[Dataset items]
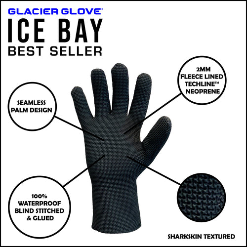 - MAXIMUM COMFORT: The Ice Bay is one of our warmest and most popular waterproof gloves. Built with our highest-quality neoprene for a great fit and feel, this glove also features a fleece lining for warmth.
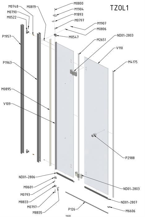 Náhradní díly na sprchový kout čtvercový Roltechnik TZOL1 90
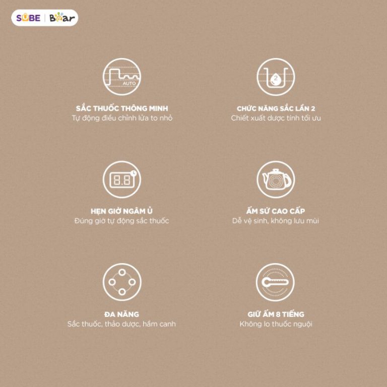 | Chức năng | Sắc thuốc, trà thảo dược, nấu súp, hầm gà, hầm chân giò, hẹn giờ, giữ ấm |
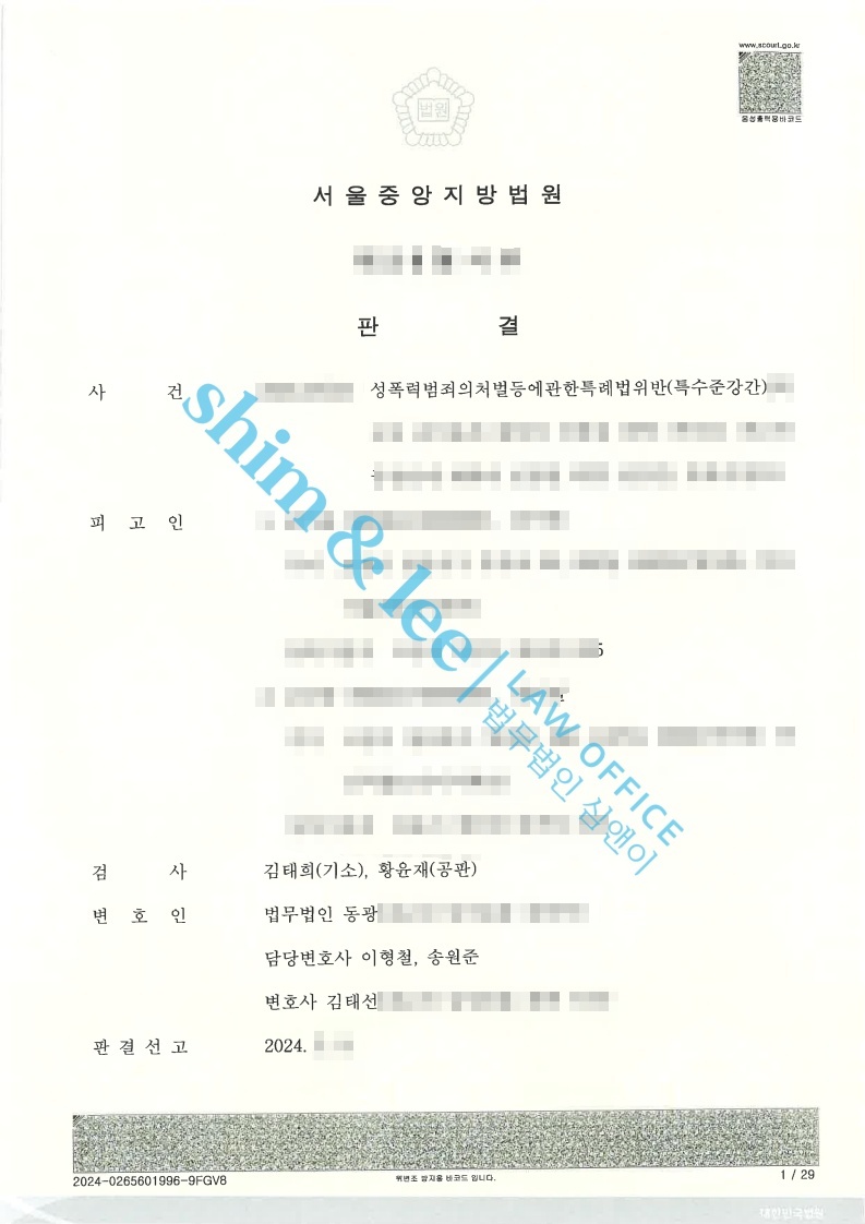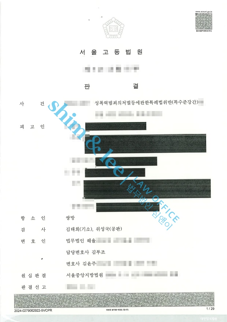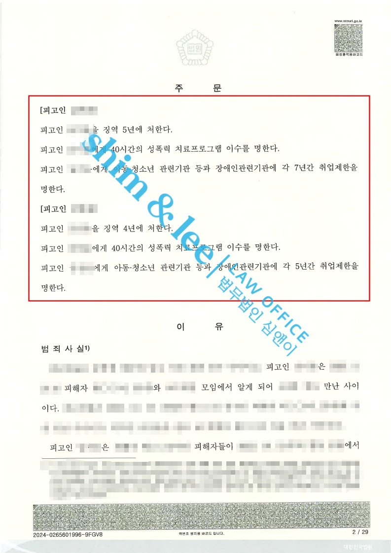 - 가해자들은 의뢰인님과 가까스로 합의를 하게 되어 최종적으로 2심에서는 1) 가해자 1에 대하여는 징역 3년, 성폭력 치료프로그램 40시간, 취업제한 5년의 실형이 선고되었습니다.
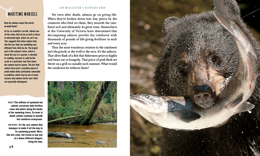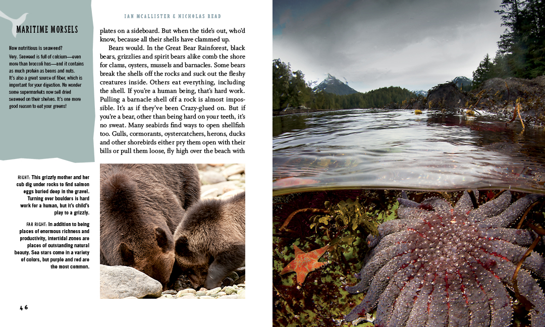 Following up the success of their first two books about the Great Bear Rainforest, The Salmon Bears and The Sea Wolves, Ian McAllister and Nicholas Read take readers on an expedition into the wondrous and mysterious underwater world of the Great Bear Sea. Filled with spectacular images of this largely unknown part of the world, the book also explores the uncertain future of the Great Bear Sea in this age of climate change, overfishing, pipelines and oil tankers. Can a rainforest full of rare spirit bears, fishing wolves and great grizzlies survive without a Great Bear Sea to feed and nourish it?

### [YOUR OBJECTIVE]
Copy exactly the lines that run from the line containing "- 가해자들은 의뢰인님과" to the end of the data above, keeping both end lines and leaving out all pictures.

### [SOLUTION FOR THIS TASK]
 - 가해자들은 의뢰인님과 가까스로 합의를 하게 되어 최종적으로 2심에서는 1) 가해자 1에 대하여는 징역 3년, 성폭력 치료프로그램 40시간, 취업제한 5년의 실형이 선고되었습니다.
 Following up the success of their first two books about the Great Bear Rainforest, The Salmon Bears and The Sea Wolves, Ian McAllister and Nicholas Read take readers on an expedition into the wondrous and mysterious underwater world of the Great Bear Sea. Filled with spectacular images of this largely unknown part of the world, the book also explores the uncertain future of the Great Bear Sea in this age of climate change, overfishing, pipelines and oil tankers. Can a rainforest full of rare spirit bears, fishing wolves and great grizzlies survive without a Great Bear Sea to feed and nourish it?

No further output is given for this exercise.